The type checking approach for DOP in [5] comprises: a feature-based analysis that uses a constraint-based type system for IFJ to infer a type abstraction for each delta module; and a product-based step that uses these type abstractions to generate, for each product of the SPL, a type abstraction (of the associated variant) that is checked to establish whether the associated variant type checks. The approach of [5] is enhanced in [8] by introducing a family-based step that builds a product family generation tree which is then traversed in order to perform optimized generation and check of type abstractions of all variants. The approach proposed in this paper, which is feature-family-based, represents an achievement over [5, 8] since it does not require to iterate over the set of products (cf. Sect. 1) and supports earlier detection of errors via partial typing.

The paper [22] informally illustrates the implementation of a family-based approach for the AHEAD system [4]. The approach comprises: (i) a family-feature-based step that computes for each class a stub (all stubs can be understood as a type-uniform FCST for the product line) and compiles each feature module in the context of all stubs (thus performing checks corresponding to our type-uniformity and partial-typing); and (ii) a family-based step that infers a set of constraints that are combined with the FM to generate a formula (corresponding to our type-uniform applicability and dependency) whose satisfiability should imply that all variants successfully compile.

The paper [9] formalizes a feature-family-based approach for the Lightweight Feature Java (LFJ) calculus, which models FOP for the Lightweight Java (LJ) [21] calculus.
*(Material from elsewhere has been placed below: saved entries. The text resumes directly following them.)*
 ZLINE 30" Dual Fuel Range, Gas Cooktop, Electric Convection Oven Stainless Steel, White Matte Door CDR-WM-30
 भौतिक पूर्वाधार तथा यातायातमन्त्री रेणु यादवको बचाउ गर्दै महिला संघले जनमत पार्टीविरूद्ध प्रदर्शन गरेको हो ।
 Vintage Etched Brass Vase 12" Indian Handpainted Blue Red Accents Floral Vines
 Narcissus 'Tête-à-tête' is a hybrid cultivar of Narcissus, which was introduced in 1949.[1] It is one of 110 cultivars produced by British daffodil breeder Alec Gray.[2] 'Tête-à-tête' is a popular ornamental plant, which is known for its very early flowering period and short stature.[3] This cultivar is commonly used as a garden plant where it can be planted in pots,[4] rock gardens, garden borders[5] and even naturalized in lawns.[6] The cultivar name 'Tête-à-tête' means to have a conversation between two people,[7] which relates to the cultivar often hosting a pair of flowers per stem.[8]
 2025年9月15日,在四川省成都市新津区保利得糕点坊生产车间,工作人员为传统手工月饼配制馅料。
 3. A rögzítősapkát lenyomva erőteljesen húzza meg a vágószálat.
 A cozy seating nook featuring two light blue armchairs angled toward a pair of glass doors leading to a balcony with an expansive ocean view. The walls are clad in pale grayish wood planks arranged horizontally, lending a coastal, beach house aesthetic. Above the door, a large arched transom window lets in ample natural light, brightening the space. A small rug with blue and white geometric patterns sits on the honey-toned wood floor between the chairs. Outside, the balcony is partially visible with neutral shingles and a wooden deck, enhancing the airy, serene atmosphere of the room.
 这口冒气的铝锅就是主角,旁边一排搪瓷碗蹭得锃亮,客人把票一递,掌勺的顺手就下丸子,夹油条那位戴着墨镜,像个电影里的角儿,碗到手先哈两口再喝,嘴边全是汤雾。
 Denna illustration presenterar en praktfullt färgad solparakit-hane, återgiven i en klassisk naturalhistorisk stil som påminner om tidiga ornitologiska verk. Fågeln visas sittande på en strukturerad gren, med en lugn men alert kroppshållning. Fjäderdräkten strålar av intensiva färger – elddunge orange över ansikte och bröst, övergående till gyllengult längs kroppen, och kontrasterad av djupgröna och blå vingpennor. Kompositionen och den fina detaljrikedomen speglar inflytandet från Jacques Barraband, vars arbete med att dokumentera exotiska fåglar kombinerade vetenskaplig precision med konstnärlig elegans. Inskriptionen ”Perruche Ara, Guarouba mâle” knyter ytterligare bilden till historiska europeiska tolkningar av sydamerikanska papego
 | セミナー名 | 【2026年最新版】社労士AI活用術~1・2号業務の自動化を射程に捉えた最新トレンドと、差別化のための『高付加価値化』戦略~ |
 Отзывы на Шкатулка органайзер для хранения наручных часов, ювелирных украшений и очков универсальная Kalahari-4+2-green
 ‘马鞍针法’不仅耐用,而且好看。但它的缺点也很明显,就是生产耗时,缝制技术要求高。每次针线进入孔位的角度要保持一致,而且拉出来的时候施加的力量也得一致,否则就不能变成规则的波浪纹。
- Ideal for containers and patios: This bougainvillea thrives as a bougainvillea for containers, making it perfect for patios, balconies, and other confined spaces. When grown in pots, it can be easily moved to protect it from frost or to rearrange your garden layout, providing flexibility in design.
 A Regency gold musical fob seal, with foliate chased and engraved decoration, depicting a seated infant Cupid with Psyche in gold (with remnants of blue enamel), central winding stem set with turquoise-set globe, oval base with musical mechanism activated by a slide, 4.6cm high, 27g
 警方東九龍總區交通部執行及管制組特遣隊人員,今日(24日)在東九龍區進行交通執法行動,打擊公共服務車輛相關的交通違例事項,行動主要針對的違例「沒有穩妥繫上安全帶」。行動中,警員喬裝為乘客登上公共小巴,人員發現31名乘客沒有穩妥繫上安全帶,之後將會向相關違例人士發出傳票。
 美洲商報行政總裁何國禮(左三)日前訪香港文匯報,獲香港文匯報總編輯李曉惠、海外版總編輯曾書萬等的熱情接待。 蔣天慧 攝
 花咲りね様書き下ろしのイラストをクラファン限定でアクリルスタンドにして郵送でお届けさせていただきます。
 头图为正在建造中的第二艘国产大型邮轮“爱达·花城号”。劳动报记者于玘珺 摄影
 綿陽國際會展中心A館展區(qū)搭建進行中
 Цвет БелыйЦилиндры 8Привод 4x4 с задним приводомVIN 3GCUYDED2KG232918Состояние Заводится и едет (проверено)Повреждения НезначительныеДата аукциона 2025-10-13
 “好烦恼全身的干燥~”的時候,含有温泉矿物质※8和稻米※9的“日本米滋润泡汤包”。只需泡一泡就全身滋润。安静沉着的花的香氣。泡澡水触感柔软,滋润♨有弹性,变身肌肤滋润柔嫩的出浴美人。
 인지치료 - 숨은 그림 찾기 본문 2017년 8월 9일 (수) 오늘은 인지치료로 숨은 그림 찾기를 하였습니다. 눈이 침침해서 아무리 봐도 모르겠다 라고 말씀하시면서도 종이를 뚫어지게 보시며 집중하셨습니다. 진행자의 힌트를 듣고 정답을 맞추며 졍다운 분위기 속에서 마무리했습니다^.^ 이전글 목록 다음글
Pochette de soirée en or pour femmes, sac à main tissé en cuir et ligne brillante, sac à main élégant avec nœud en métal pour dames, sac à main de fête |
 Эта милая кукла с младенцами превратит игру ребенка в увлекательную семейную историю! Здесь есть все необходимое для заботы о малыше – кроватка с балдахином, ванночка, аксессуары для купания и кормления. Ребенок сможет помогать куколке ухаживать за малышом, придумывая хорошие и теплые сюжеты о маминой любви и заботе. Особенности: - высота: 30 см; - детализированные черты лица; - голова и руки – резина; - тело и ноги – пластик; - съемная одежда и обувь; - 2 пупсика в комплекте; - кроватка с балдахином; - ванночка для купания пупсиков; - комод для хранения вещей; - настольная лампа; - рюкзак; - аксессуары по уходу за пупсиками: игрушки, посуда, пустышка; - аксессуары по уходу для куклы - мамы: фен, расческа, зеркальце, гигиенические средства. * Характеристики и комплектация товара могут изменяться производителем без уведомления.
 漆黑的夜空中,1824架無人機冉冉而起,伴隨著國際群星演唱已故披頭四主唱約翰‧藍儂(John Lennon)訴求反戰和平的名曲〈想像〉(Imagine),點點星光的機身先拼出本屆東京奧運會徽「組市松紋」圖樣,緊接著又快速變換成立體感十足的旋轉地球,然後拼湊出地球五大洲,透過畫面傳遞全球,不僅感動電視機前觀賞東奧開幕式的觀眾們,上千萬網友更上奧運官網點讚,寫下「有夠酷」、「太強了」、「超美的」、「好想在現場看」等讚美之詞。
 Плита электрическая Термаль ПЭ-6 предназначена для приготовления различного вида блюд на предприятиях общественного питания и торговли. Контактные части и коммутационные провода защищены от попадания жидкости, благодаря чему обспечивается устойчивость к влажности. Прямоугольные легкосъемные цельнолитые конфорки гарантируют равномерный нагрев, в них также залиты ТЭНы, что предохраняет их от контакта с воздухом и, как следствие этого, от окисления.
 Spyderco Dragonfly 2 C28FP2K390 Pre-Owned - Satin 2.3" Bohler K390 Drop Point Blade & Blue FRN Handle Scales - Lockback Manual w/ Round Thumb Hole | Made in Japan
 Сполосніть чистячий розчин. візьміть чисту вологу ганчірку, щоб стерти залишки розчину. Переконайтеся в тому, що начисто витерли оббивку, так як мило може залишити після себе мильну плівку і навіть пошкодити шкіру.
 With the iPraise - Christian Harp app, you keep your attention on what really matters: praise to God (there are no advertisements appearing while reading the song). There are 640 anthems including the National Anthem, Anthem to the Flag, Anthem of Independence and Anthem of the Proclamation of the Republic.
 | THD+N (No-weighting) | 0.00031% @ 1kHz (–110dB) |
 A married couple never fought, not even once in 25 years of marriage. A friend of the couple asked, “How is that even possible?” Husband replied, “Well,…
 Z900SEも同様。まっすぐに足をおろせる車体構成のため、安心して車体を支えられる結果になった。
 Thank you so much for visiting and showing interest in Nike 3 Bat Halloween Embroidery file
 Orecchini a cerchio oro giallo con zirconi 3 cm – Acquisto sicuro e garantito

The approach comprises: (i) a feature-based step that uses a constraint-based type system for LFJ to analyze each feature module in isolation and infer a set of constraints for each feature module; and (ii) a family-based step where the FM and the previously inferred constraints are used to generate a formula whose satisfiability implies that all variants type check. The applicability and dependency analyses presented in Sect. 5 provide an extension to DOP of these two steps. Moreover, our approach provides partial typing for early error detection and is tunable to exploit different programming guidelines.

8 Conclusions and Future Work

We have proposed a modular and tunable approach for type checking DOP product lines. A prototypical implementation is available [2] (currently only the version of the approach exploiting type-uniformity is supported).

In future work we plan to: implement our approach for both DeltaJ 1.5 [14] (a prototypical implementation of DOP that supports full Java 1.5) and ABS [12] (this would allow experimental comparison with the approaches of [5, 8], which have been implemented for ABS [1]); to develop case studies to evaluate the effectiveness of the approach and of the proposed guidelines; to investigate further DOP guidelines; and to develop tool support to allow the programmer to choose the guidelines to be automatically enforced. We also plan to investigate whether the proposed DOP guidelines (or other guidelines) could be useful for other kind of product line analyses. In particular, we would like to consider formal verification (proof systems for the verification of DOP product lines of Java programs have been recently proposed [7, 10]).